Segment Open
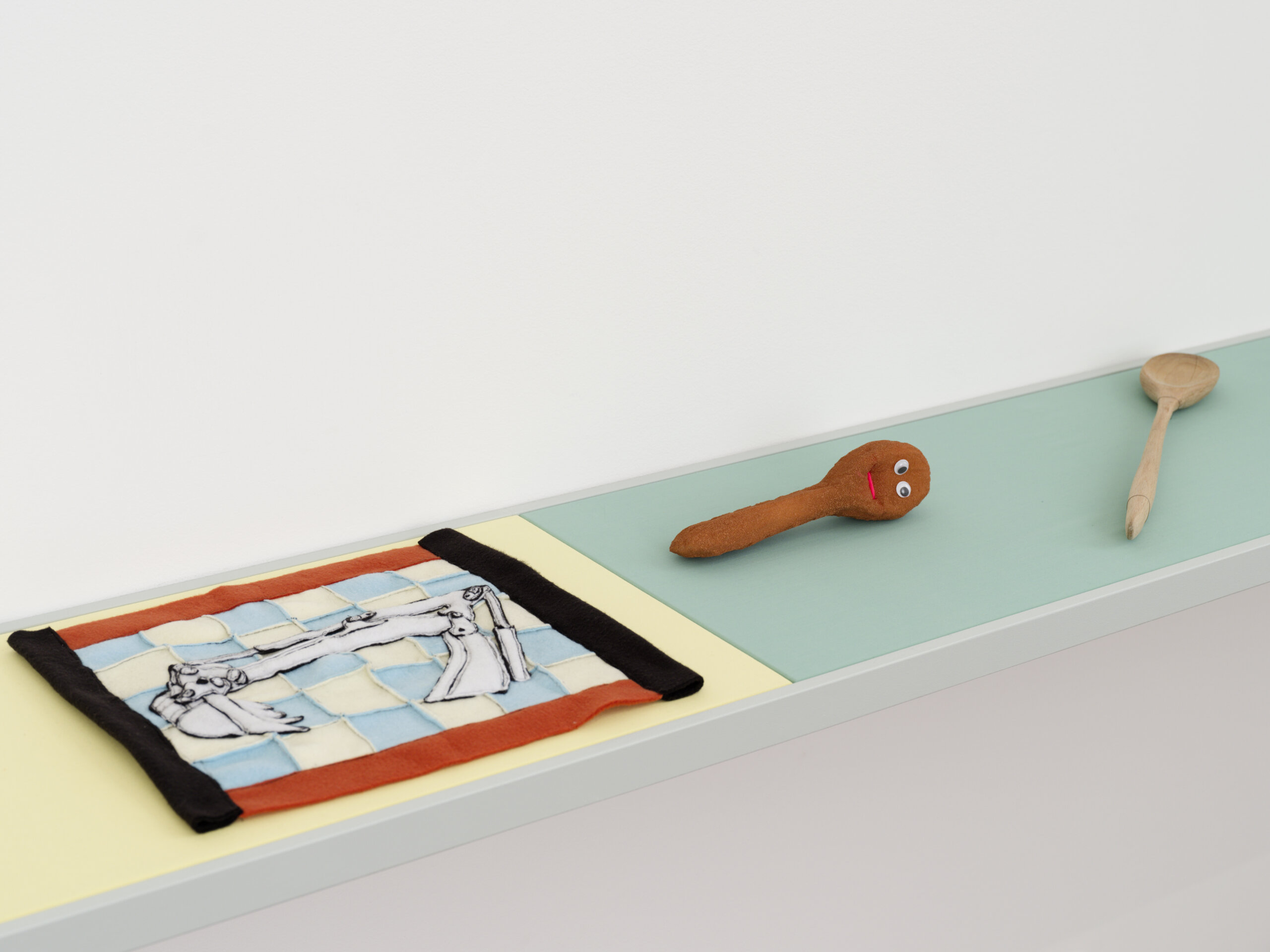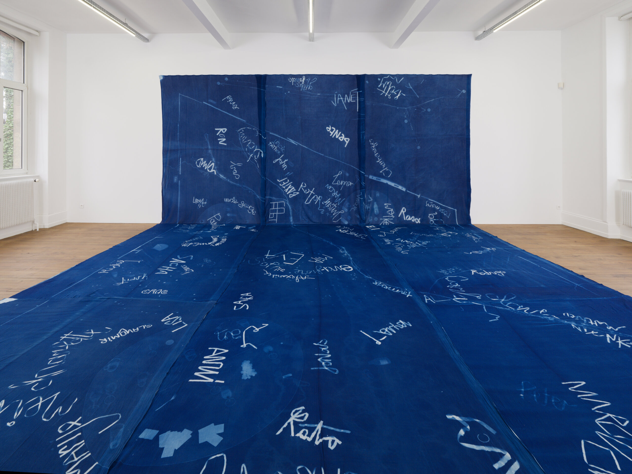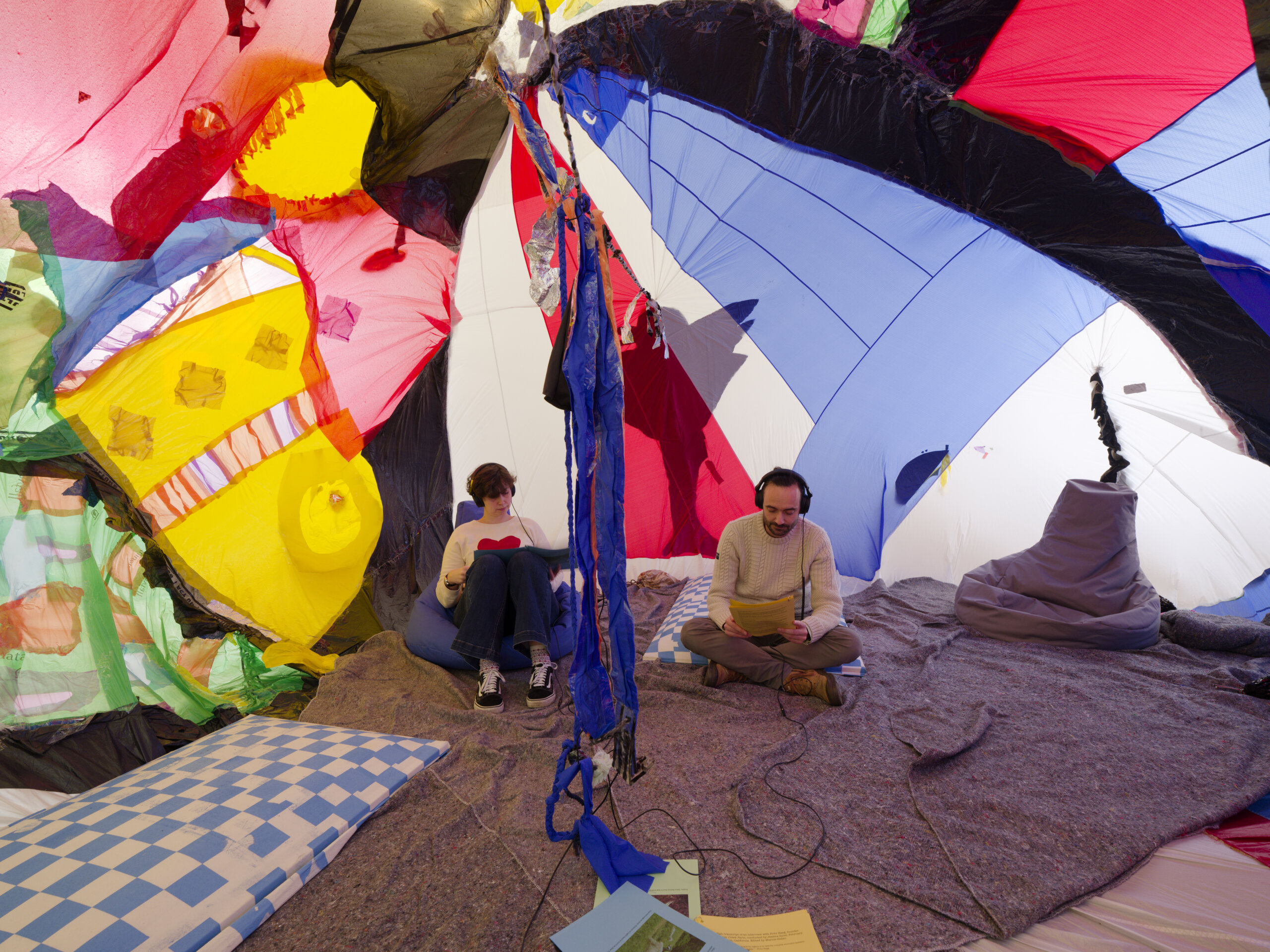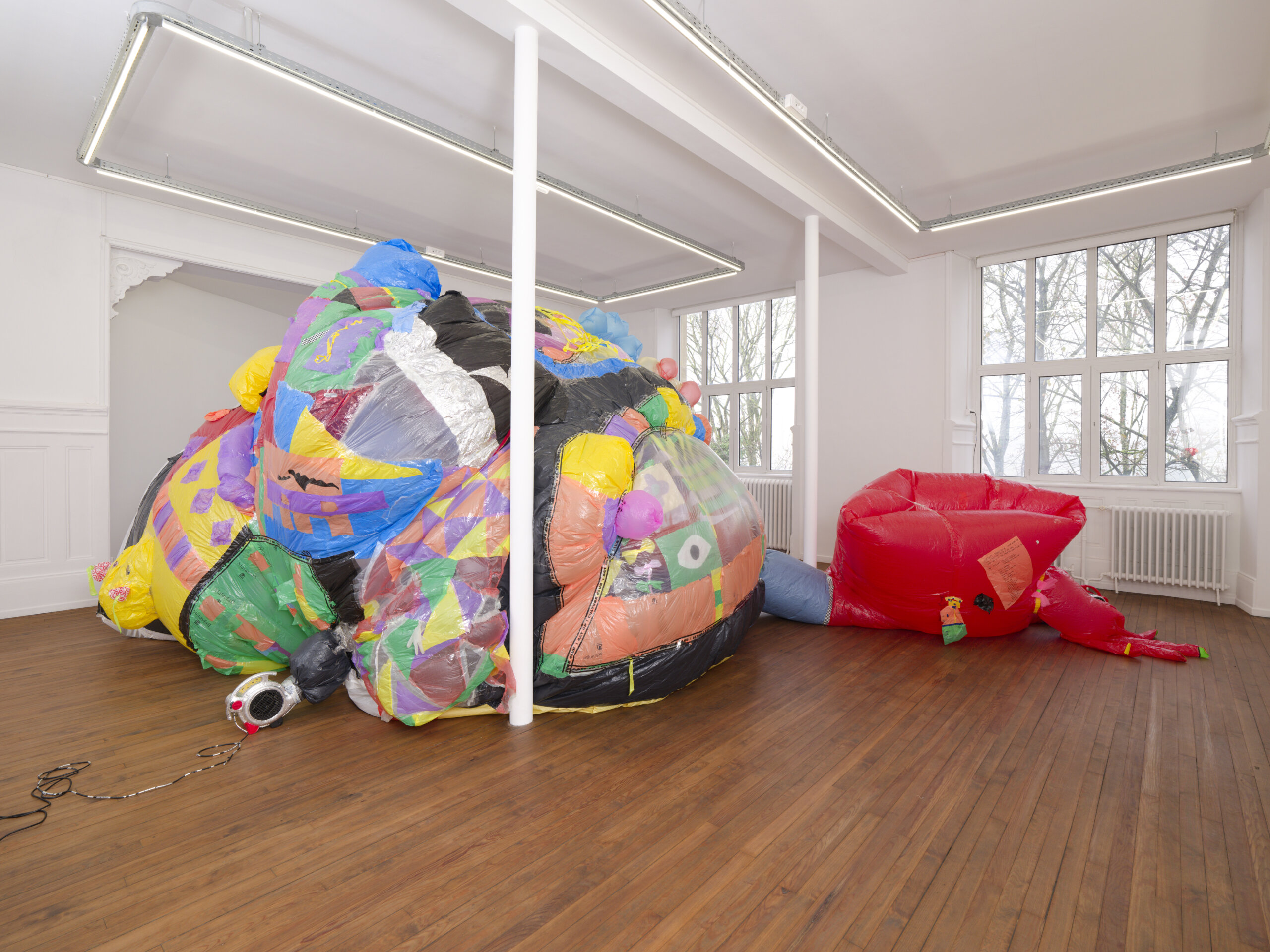À l’Amitié (2024), portail pour l’entrée du jardin du Crac, est le point de départ symbolique de cette exposition où les plasticiens, éditeurs et enseignants installés 15 rue Heyvaert, dans la capitale belge – lieu de vie, de création et de travail partagés –, investissent l’institution alsacienne. Ils y célèbrent les amours-amitiés queer dans de multiples et joyeuses allégories, comme cette Common Room (2025), reflet d’une existence engagée forte de bienveillance. Ils ont aussi convié des compagnons de route, à l’image du collectif MYCKET, avec son Dream Castle (2016-18) : structure gonflable en matériaux recyclés, cette architecture-cocon apaisée rappelle curieusement les sculptures voluptueuses de Niki de Saint Phalle.
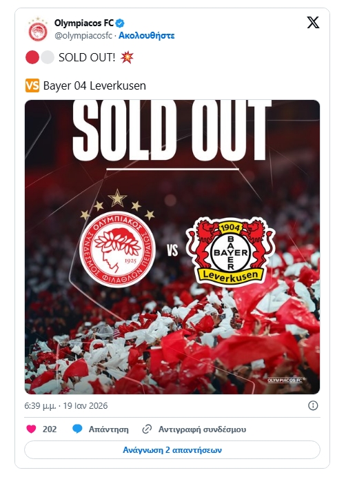 Η ΠΑΕ Ολυμπιακός γνωστοποίησε ότι η κρίσιμη αναμέτρηση με των «ερυθρόλευκων» με τη Λεβερκούζεν έγινε sold out, μία μέρα πριν την έναρξη της!
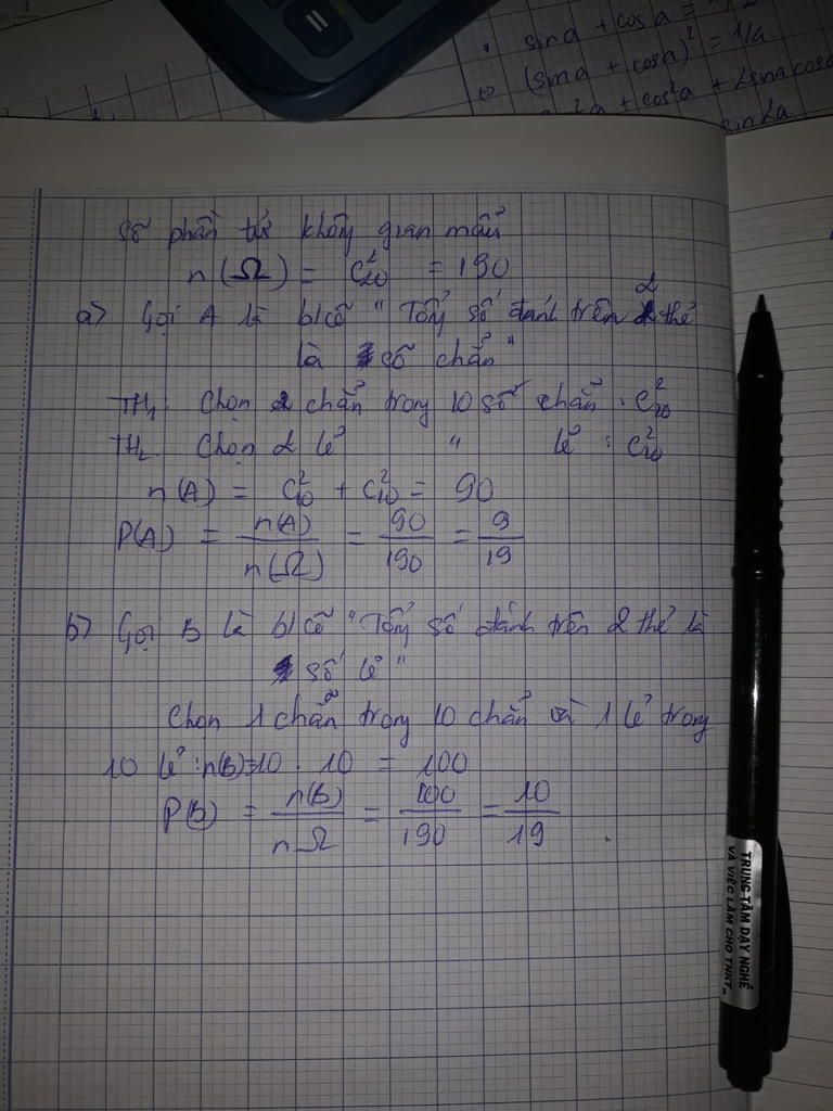 Có 20 tấm thẻ được đánh số từ 1 đến 20, chọn ngẫu nhiên hai tấm thẻ. Tính xác suất các biến cố: a)"Tổng số đánh trên hai thẻ là số chẵn" b)"Tổng số đánh trên hai thẻ là số lẻ"
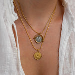 - Finish: Two-tone coin (silver and gold), gold snake chain
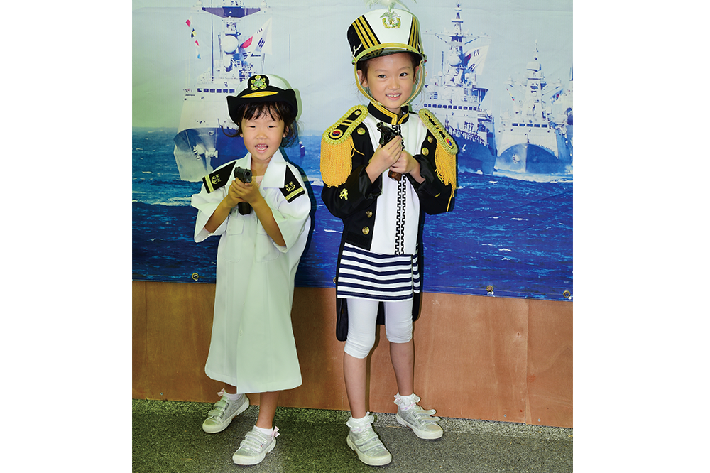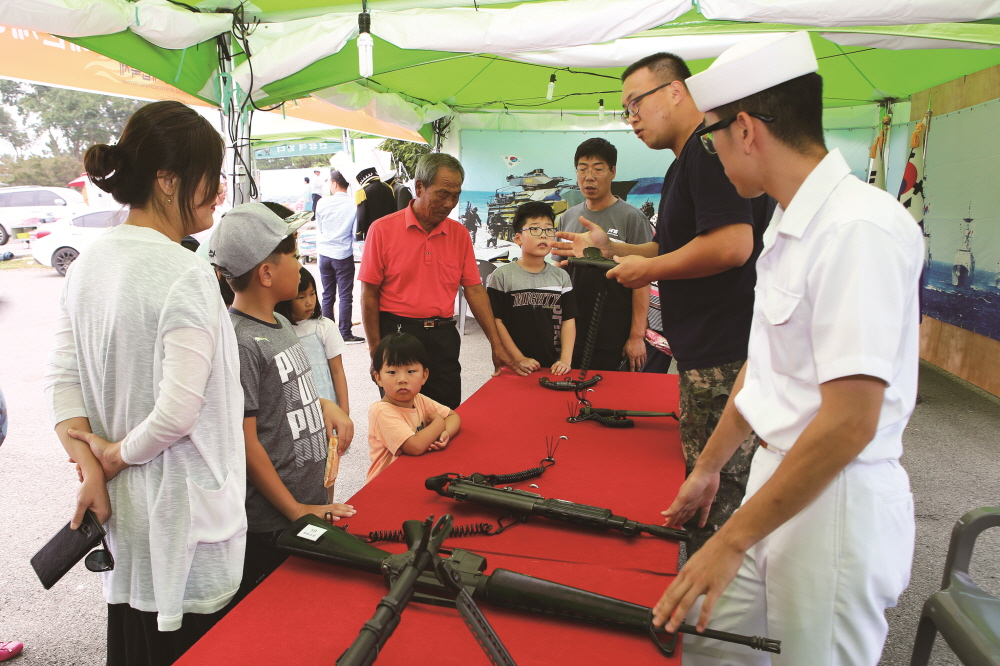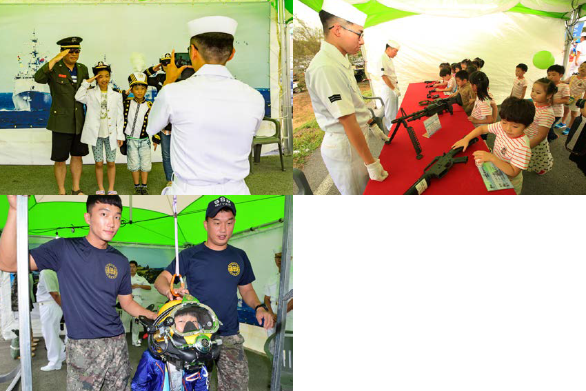 해군 홍보영상 상영, 해군복 입고 사진찍기, 장난감 총 모의 사격 등
Segment Closed
Try it =
From the line that contains "Η ΠΑΕ Ολυμπιακός" to the final line of the entries, reproduce every line exactly, both ends included. Leave out all pictures.

Your solution =
 Η ΠΑΕ Ολυμπιακός γνωστοποίησε ότι η κρίσιμη αναμέτρηση με των «ερυθρόλευκων» με τη Λεβερκούζεν έγινε sold out, μία μέρα πριν την έναρξη της!
 Có 20 tấm thẻ được đánh số từ 1 đến 20, chọn ngẫu nhiên hai tấm thẻ. Tính xác suất các biến cố: a)"Tổng số đánh trên hai thẻ là số chẵn" b)"Tổng số đánh trên hai thẻ là số lẻ"
 - Finish: Two-tone coin (silver and gold), gold snake chain
 해군 홍보영상 상영, 해군복 입고 사진찍기, 장난감 총 모의 사격 등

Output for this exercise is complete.